▸ **TASK INSTRUCTIONS**
Look for the line with "首先袁一老师通过PPT向大家" in the data below, then reproduce word for word that line and every line after it. Leave out all pictures and add nothing.

▸ **EXCERPTED DATA**
---------------

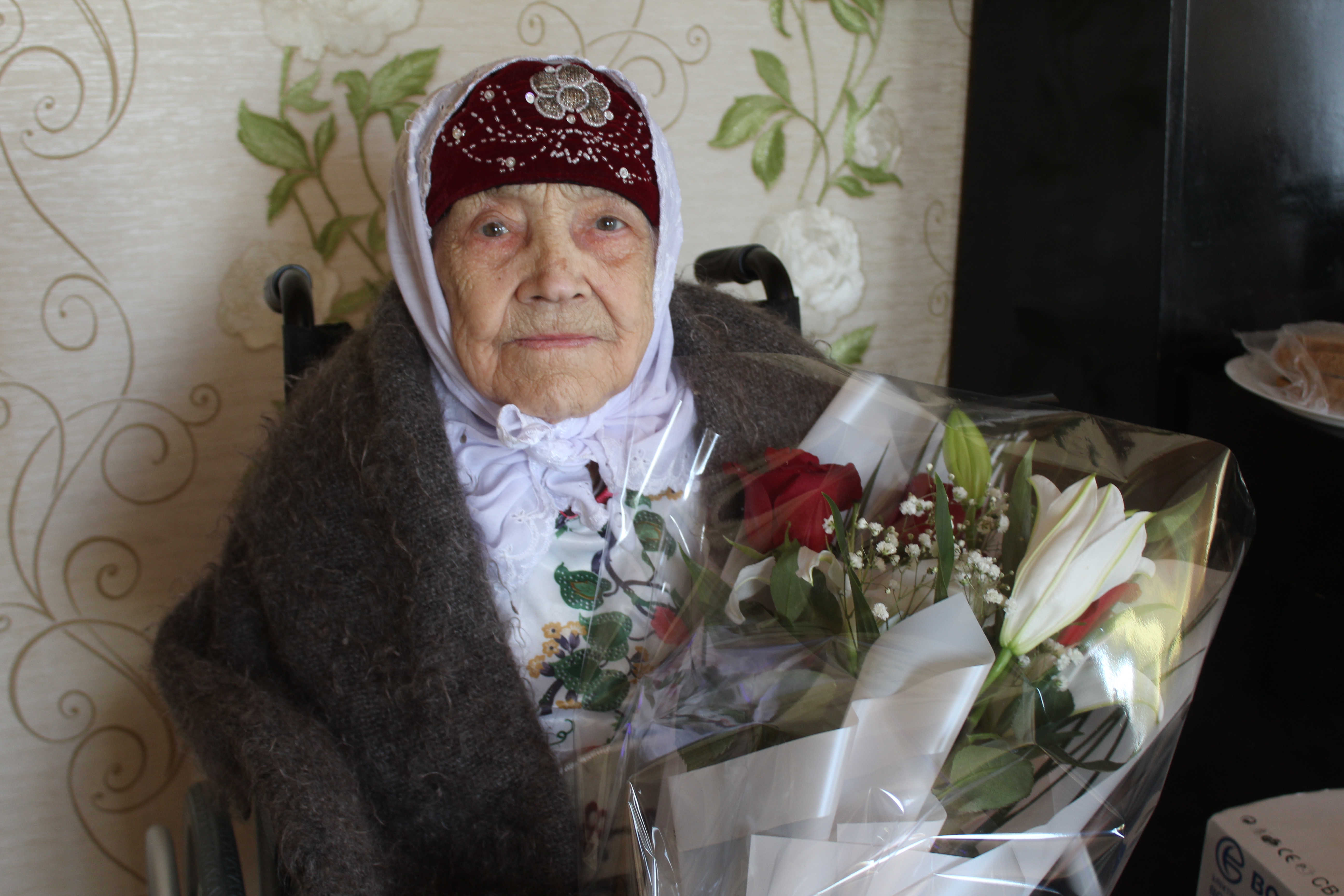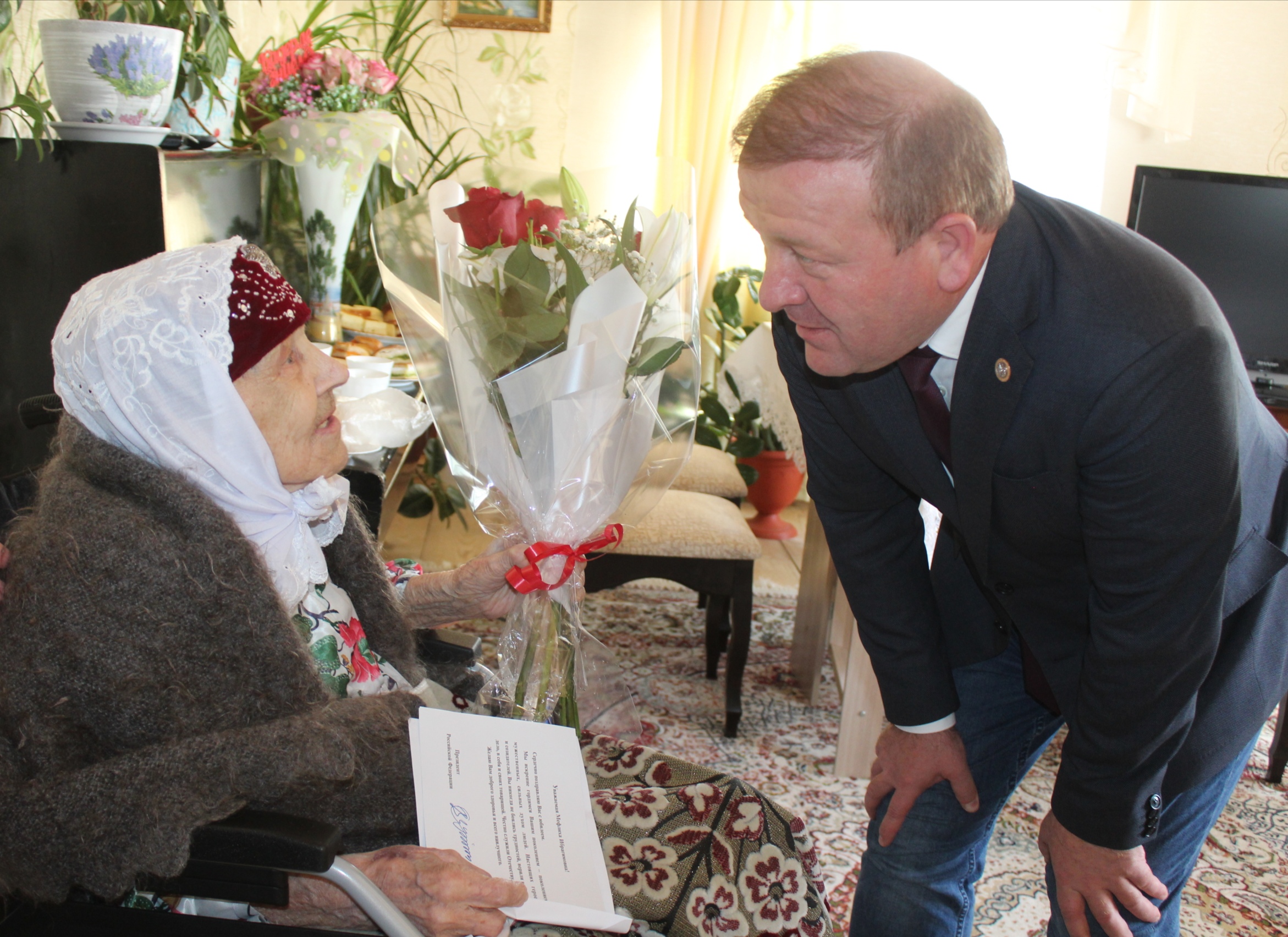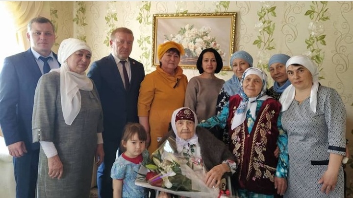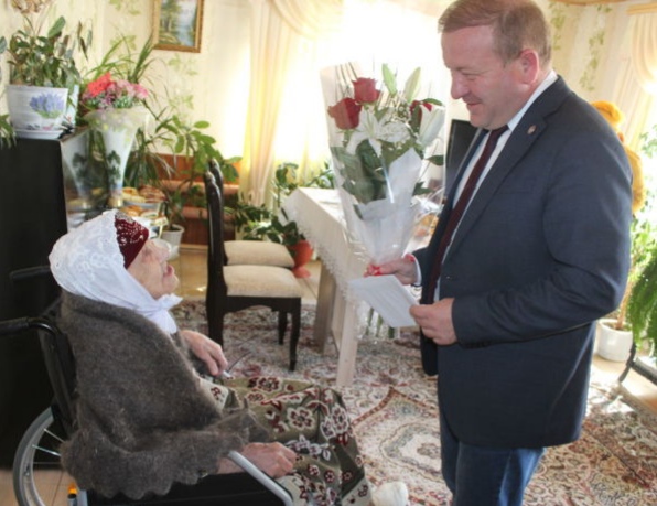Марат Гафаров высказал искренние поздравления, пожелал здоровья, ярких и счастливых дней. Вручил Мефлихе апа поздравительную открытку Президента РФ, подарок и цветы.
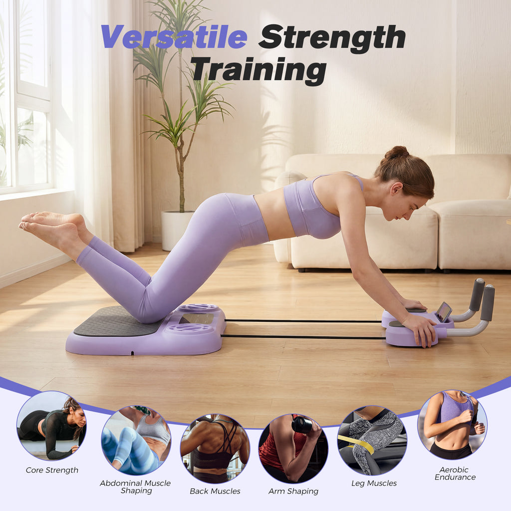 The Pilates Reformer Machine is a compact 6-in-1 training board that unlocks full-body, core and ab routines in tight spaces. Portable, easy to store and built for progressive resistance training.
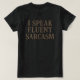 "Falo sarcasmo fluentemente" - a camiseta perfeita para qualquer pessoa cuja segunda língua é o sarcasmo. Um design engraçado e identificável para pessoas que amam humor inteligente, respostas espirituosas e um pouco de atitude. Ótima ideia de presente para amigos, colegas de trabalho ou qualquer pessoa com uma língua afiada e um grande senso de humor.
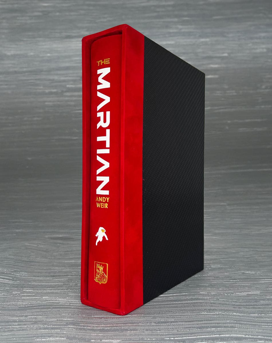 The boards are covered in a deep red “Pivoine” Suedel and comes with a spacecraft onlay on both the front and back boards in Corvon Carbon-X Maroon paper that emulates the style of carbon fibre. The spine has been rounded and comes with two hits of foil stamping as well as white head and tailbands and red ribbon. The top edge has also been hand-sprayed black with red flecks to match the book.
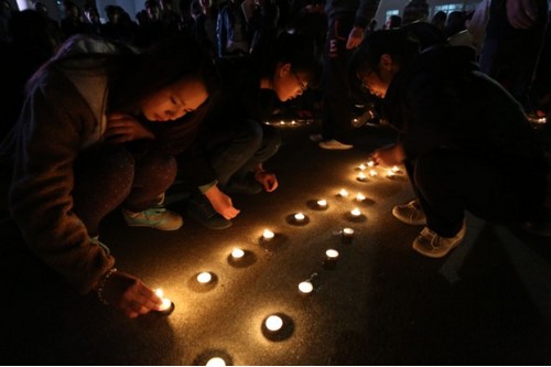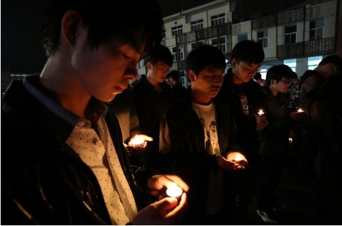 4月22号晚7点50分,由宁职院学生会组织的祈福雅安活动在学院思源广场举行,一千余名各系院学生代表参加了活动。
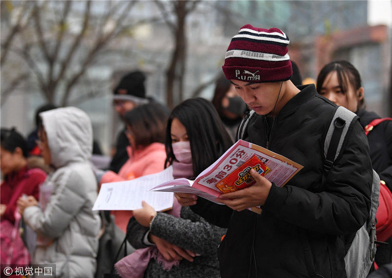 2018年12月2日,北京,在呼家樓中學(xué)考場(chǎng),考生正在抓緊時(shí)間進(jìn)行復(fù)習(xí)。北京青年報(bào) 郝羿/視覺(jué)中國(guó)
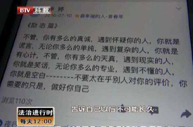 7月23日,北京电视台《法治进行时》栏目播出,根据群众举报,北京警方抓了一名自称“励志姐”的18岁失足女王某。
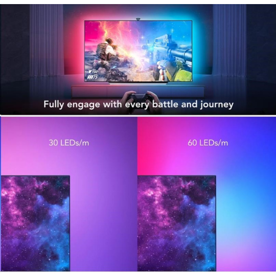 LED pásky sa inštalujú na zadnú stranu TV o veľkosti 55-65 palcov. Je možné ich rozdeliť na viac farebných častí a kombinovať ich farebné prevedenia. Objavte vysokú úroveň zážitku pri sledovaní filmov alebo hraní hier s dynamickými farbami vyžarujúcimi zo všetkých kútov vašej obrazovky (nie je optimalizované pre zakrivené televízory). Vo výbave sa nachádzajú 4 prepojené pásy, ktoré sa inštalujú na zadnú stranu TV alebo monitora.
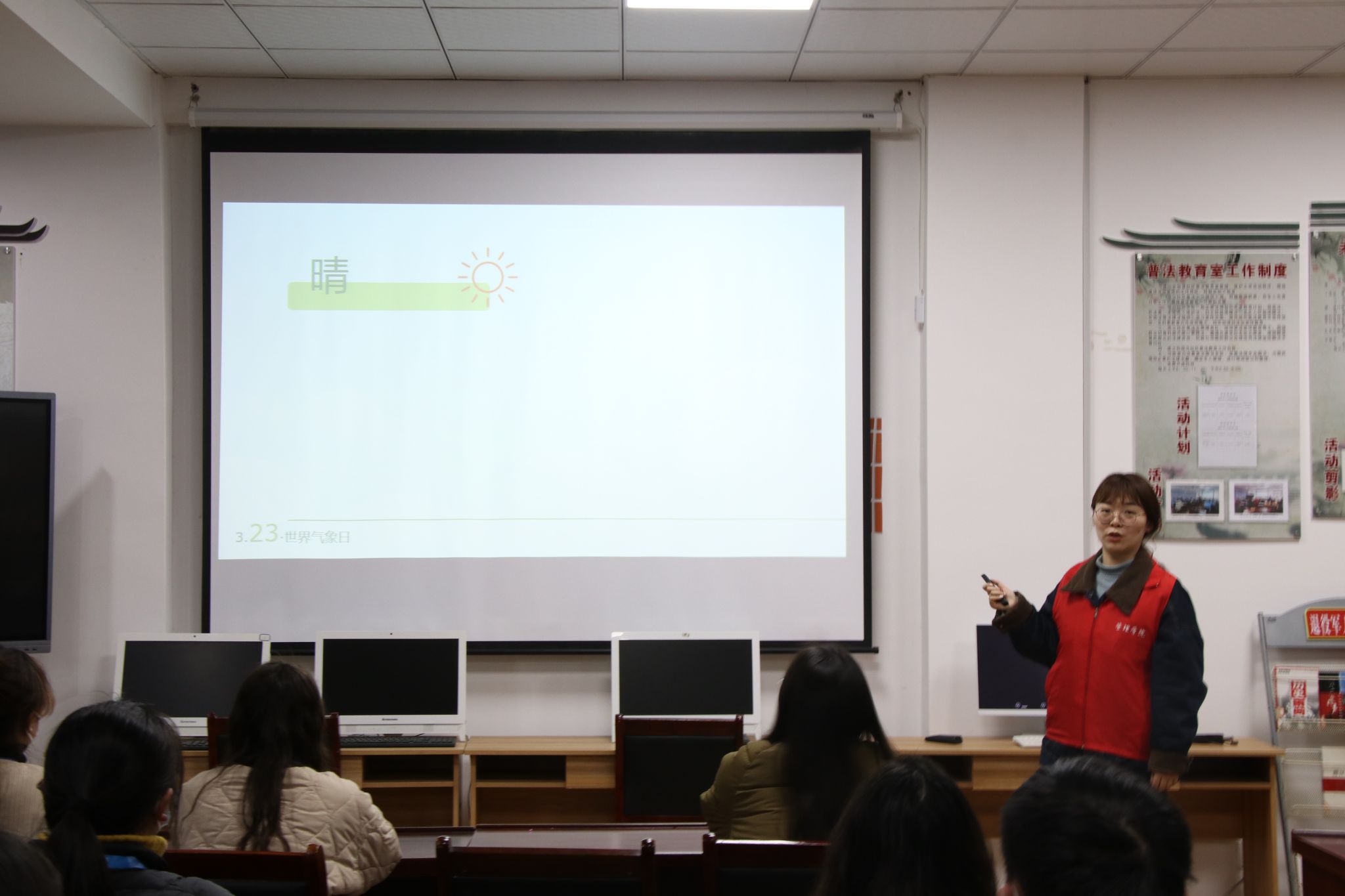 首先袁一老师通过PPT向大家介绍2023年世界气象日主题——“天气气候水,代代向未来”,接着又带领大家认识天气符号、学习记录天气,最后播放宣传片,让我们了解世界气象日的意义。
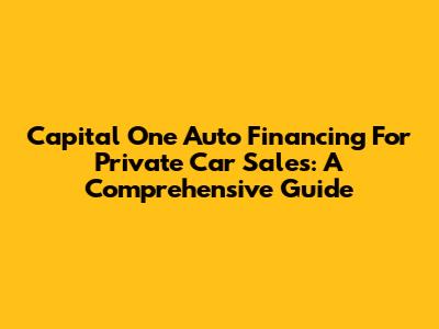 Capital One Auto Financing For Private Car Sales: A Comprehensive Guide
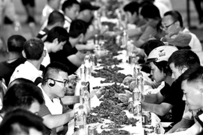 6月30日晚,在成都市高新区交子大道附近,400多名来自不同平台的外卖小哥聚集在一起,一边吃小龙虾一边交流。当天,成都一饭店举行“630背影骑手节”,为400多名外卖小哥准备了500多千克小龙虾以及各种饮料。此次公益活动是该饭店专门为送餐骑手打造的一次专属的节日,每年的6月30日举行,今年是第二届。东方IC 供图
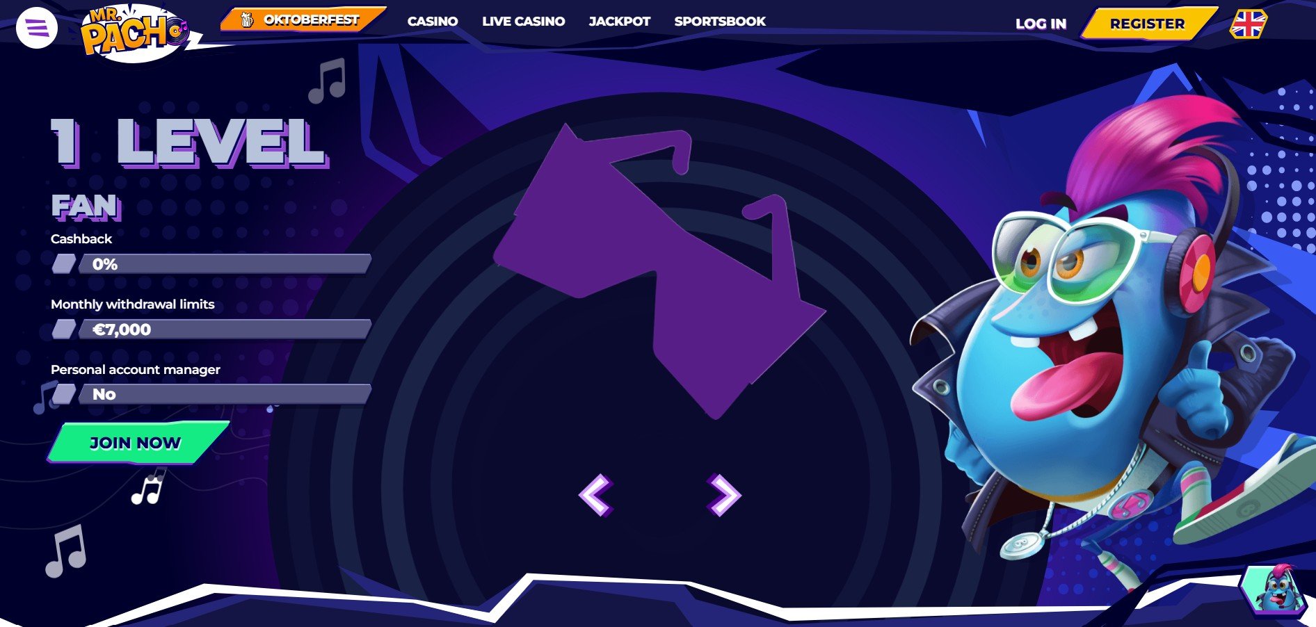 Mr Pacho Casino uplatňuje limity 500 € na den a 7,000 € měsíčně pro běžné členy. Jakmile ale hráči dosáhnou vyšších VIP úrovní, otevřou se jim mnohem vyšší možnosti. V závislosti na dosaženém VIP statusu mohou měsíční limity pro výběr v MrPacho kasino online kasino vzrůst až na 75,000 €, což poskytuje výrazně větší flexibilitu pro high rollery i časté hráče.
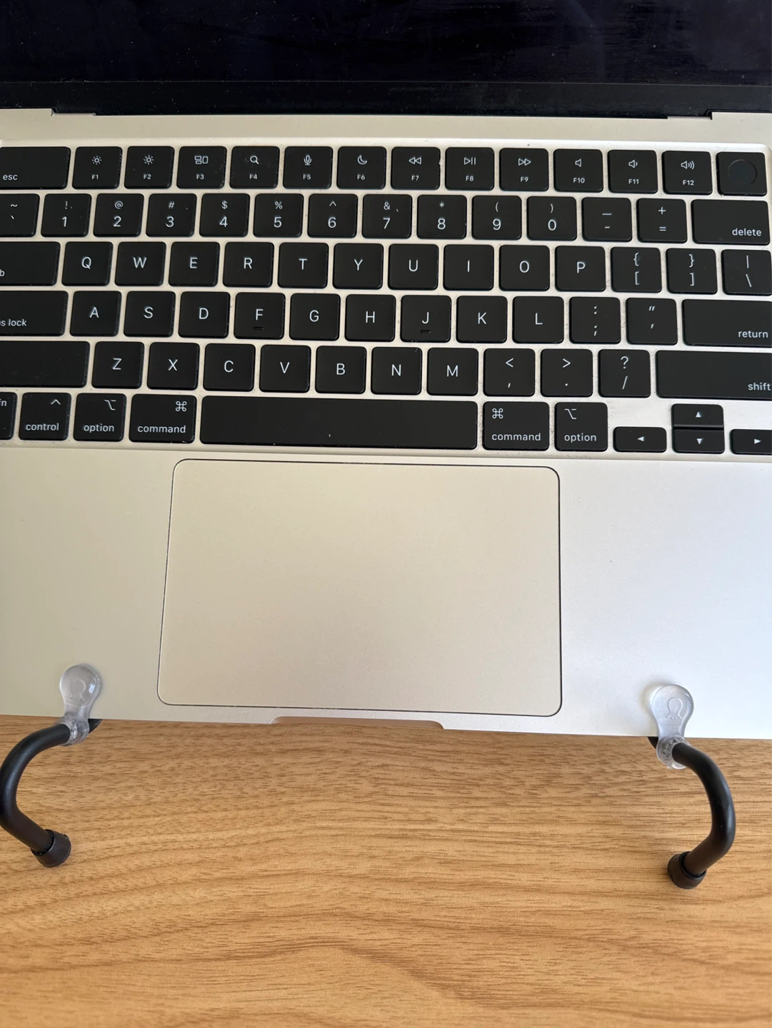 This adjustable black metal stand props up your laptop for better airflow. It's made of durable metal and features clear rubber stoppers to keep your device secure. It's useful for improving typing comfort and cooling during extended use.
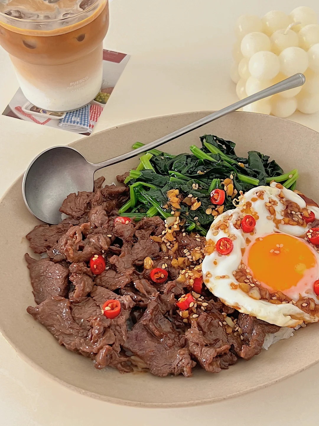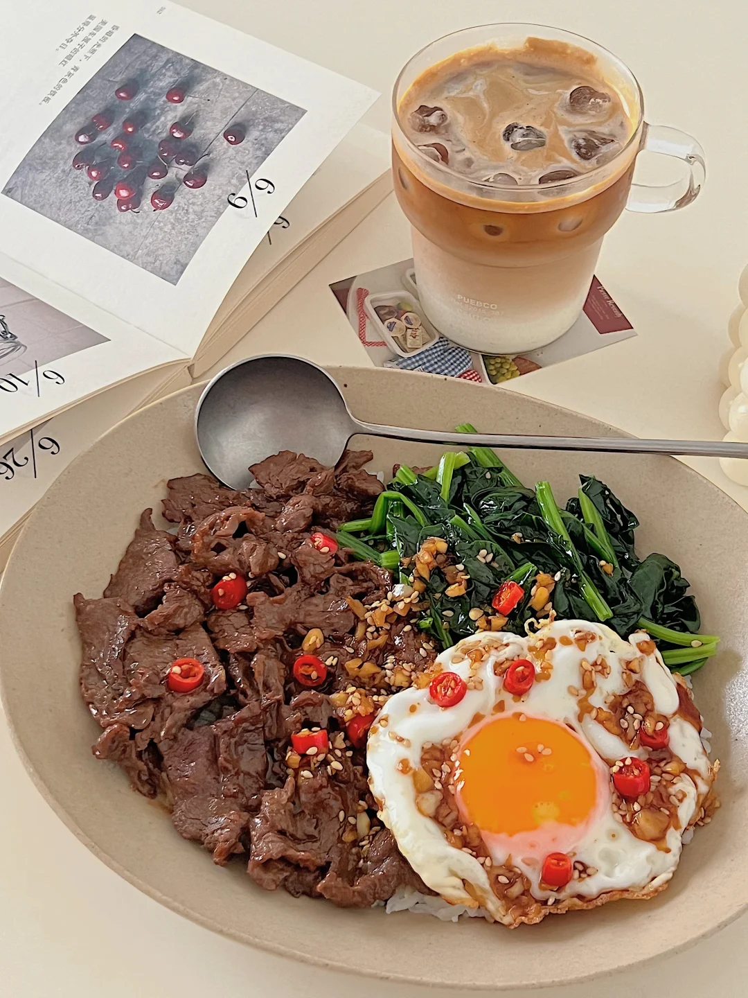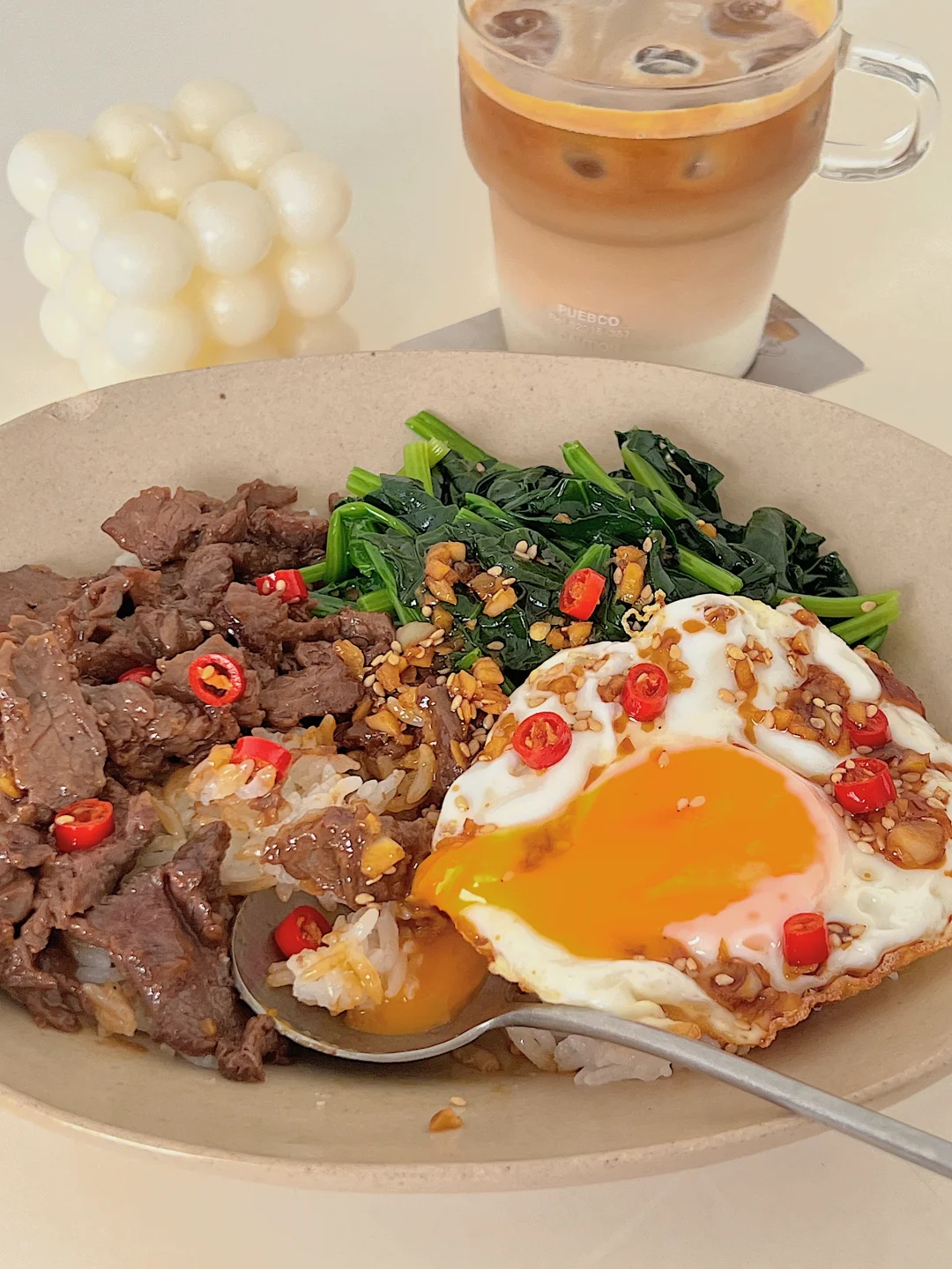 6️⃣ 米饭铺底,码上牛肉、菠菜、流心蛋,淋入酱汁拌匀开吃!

---------------

▸ **WRITTEN RESPONSE**
 首先袁一老师通过PPT向大家介绍2023年世界气象日主题——“天气气候水,代代向未来”,接着又带领大家认识天气符号、学习记录天气,最后播放宣传片,让我们了解世界气象日的意义。
 Capital One Auto Financing For Private Car Sales: A Comprehensive Guide
 6月30日晚,在成都市高新区交子大道附近,400多名来自不同平台的外卖小哥聚集在一起,一边吃小龙虾一边交流。当天,成都一饭店举行“630背影骑手节”,为400多名外卖小哥准备了500多千克小龙虾以及各种饮料。此次公益活动是该饭店专门为送餐骑手打造的一次专属的节日,每年的6月30日举行,今年是第二届。东方IC 供图
 Mr Pacho Casino uplatňuje limity 500 € na den a 7,000 € měsíčně pro běžné členy. Jakmile ale hráči dosáhnou vyšších VIP úrovní, otevřou se jim mnohem vyšší možnosti. V závislosti na dosaženém VIP statusu mohou měsíční limity pro výběr v MrPacho kasino online kasino vzrůst až na 75,000 €, což poskytuje výrazně větší flexibilitu pro high rollery i časté hráče.
 This adjustable black metal stand props up your laptop for better airflow. It's made of durable metal and features clear rubber stoppers to keep your device secure. It's useful for improving typing comfort and cooling during extended use.
 6️⃣ 米饭铺底,码上牛肉、菠菜、流心蛋,淋入酱汁拌匀开吃!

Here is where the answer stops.